TASK INSTRUCTIONS:
Return an exact copy of the data, starting at its first line and ending at the line that contains "Kurtka z dzianiny", minus any pictures.

INFORMATION PROVIDED:
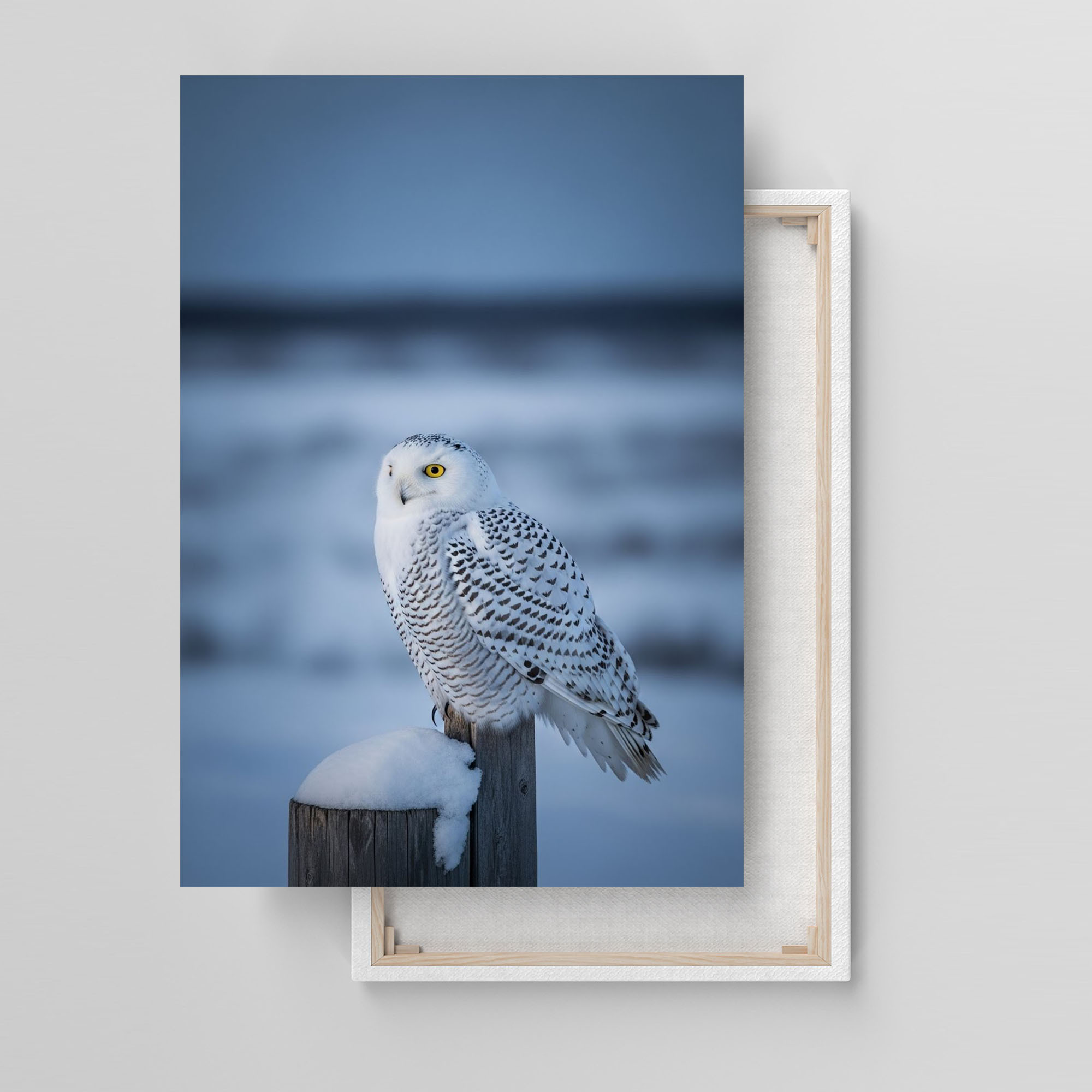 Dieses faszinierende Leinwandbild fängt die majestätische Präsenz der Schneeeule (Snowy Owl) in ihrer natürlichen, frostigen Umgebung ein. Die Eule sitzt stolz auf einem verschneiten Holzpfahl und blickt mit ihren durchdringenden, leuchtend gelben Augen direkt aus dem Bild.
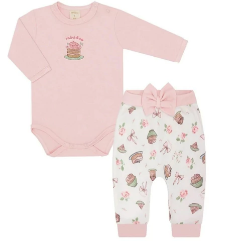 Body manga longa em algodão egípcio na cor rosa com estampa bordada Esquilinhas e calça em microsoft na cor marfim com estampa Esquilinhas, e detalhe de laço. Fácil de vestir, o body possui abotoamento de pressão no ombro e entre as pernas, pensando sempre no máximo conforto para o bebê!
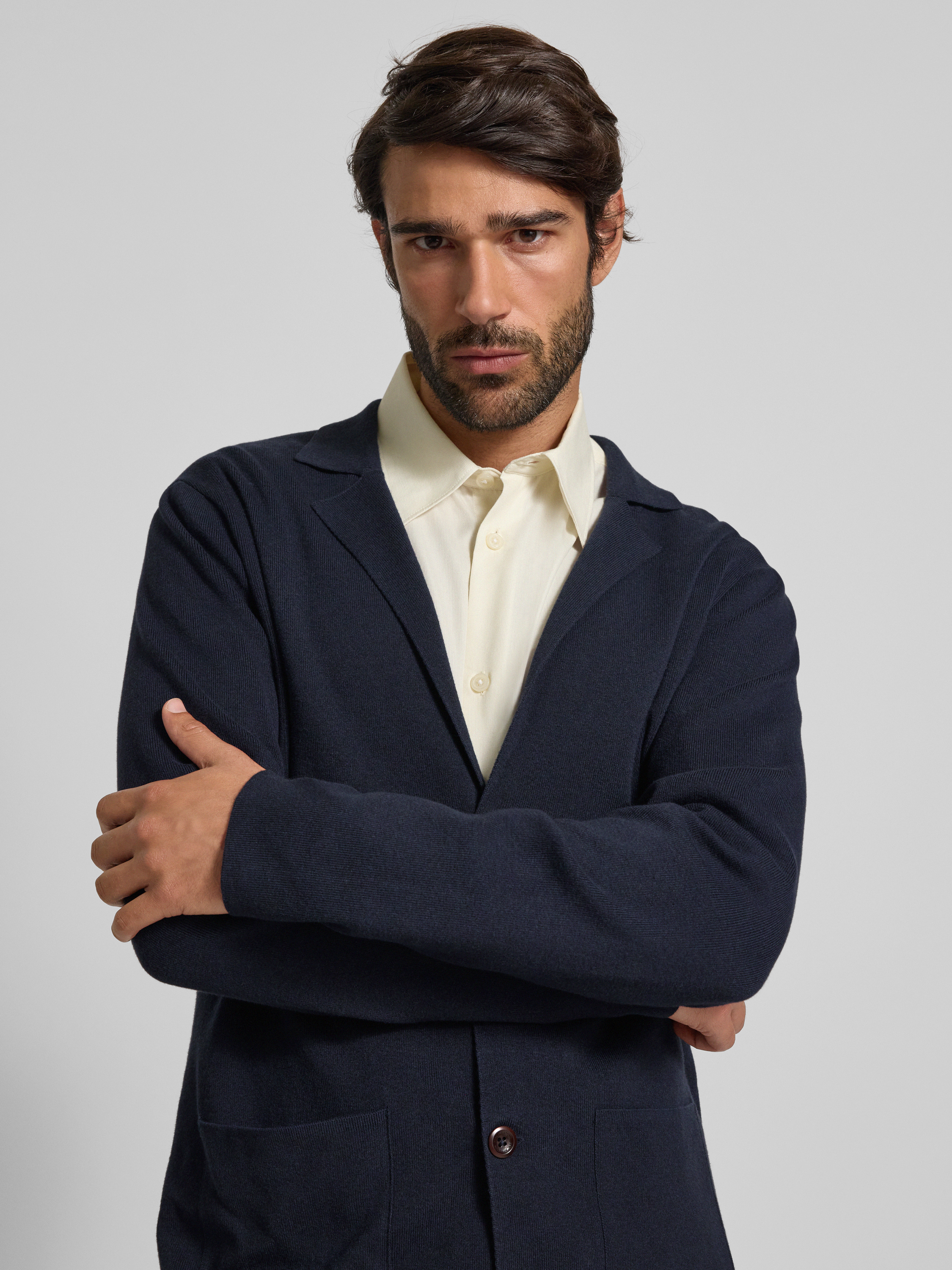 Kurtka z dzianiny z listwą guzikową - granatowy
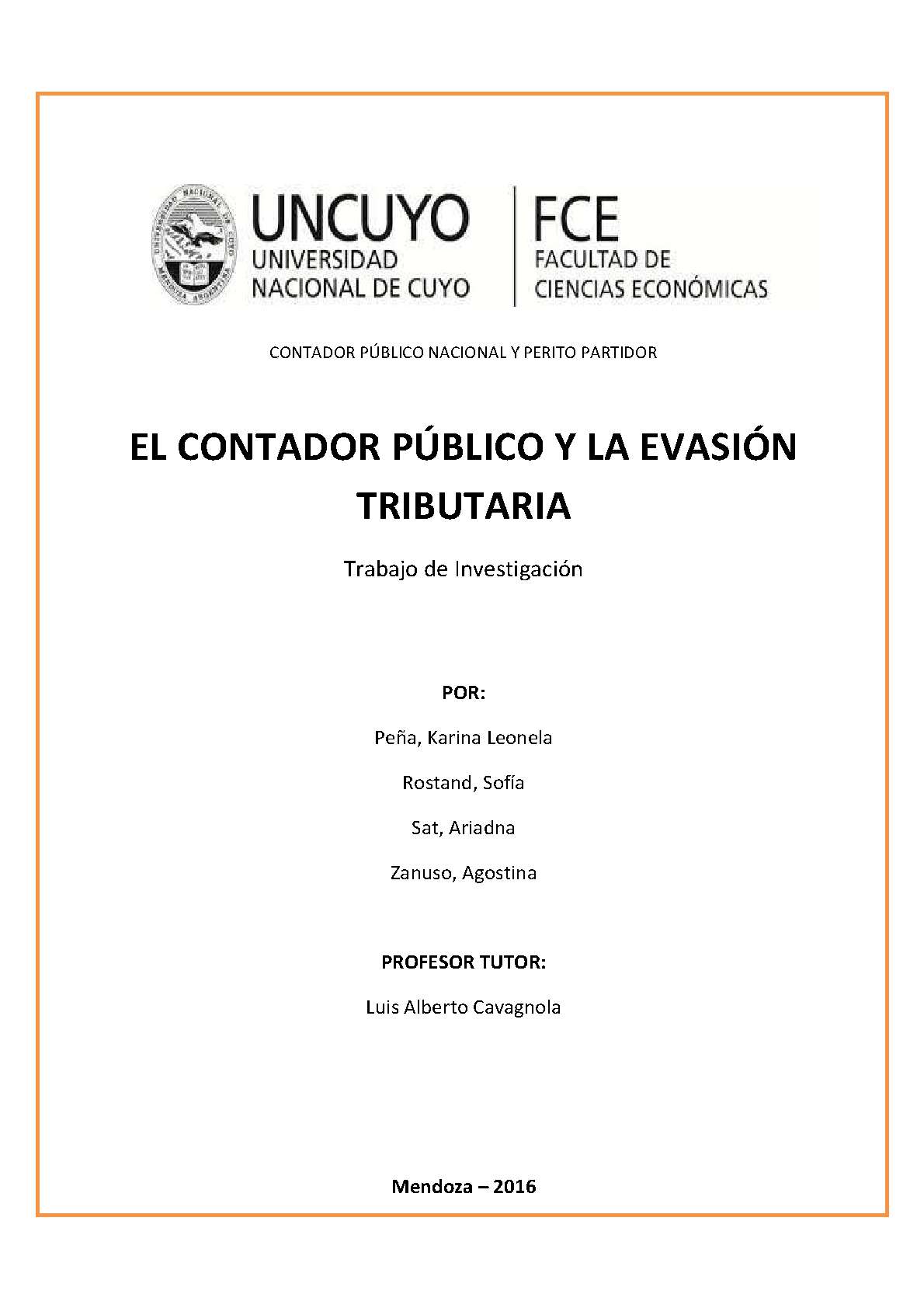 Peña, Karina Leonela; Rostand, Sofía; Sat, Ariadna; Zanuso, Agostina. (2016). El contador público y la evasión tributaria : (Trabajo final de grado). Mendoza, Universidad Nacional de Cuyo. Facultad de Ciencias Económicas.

WRITTEN RESPONSE:
 Dieses faszinierende Leinwandbild fängt die majestätische Präsenz der Schneeeule (Snowy Owl) in ihrer natürlichen, frostigen Umgebung ein. Die Eule sitzt stolz auf einem verschneiten Holzpfahl und blickt mit ihren durchdringenden, leuchtend gelben Augen direkt aus dem Bild.
 Body manga longa em algodão egípcio na cor rosa com estampa bordada Esquilinhas e calça em microsoft na cor marfim com estampa Esquilinhas, e detalhe de laço. Fácil de vestir, o body possui abotoamento de pressão no ombro e entre as pernas, pensando sempre no máximo conforto para o bebê!
 Kurtka z dzianiny z listwą guzikową - granatowy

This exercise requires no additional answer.